# [PROBLEM DESCRIPTION]
For the material below, return exactly the lines starting at the line containing "예약을 완료 했습니다." and ending at the line containing "23.VII.2002, опубликовано 15.XI.2015.", both ends included, and no others.

# [RECORDS SUPPLIED]
□ □ □ □ □
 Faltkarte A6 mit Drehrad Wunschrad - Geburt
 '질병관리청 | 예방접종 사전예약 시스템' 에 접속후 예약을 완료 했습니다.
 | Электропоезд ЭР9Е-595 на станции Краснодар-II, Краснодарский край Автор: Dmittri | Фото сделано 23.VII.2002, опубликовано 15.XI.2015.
□ □ □ □ □
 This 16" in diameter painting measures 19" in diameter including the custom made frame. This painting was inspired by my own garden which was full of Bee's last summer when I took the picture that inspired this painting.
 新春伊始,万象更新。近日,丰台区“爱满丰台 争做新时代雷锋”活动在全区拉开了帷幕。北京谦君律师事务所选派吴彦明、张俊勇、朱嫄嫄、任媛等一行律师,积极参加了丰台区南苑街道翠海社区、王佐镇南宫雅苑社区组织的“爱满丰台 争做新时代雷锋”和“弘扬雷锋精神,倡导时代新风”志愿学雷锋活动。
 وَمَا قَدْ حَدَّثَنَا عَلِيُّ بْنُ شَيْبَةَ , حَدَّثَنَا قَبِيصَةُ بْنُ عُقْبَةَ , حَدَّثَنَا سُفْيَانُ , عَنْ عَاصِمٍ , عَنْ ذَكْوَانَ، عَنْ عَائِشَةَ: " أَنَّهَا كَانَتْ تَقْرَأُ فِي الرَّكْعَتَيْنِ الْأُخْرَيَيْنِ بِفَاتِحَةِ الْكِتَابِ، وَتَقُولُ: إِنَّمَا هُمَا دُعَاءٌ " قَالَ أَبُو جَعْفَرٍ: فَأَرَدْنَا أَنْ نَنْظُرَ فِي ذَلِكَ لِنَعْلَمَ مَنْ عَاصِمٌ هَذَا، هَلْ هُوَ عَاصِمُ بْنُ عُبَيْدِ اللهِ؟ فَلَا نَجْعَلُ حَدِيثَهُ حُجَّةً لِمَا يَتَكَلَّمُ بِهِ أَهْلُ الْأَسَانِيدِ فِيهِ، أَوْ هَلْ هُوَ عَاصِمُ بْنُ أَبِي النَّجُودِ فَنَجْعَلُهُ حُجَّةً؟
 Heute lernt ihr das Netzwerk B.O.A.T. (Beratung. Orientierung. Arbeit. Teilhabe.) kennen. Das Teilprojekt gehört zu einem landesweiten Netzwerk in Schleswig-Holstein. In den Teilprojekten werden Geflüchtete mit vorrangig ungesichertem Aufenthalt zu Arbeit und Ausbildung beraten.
□ □ □ □ □
# [RESPONSE AREA]
 '질병관리청 | 예방접종 사전예약 시스템' 에 접속후 예약을 완료 했습니다.
 | Электропоезд ЭР9Е-595 на станции Краснодар-II, Краснодарский край Автор: Dmittri | Фото сделано 23.VII.2002, опубликовано 15.XI.2015.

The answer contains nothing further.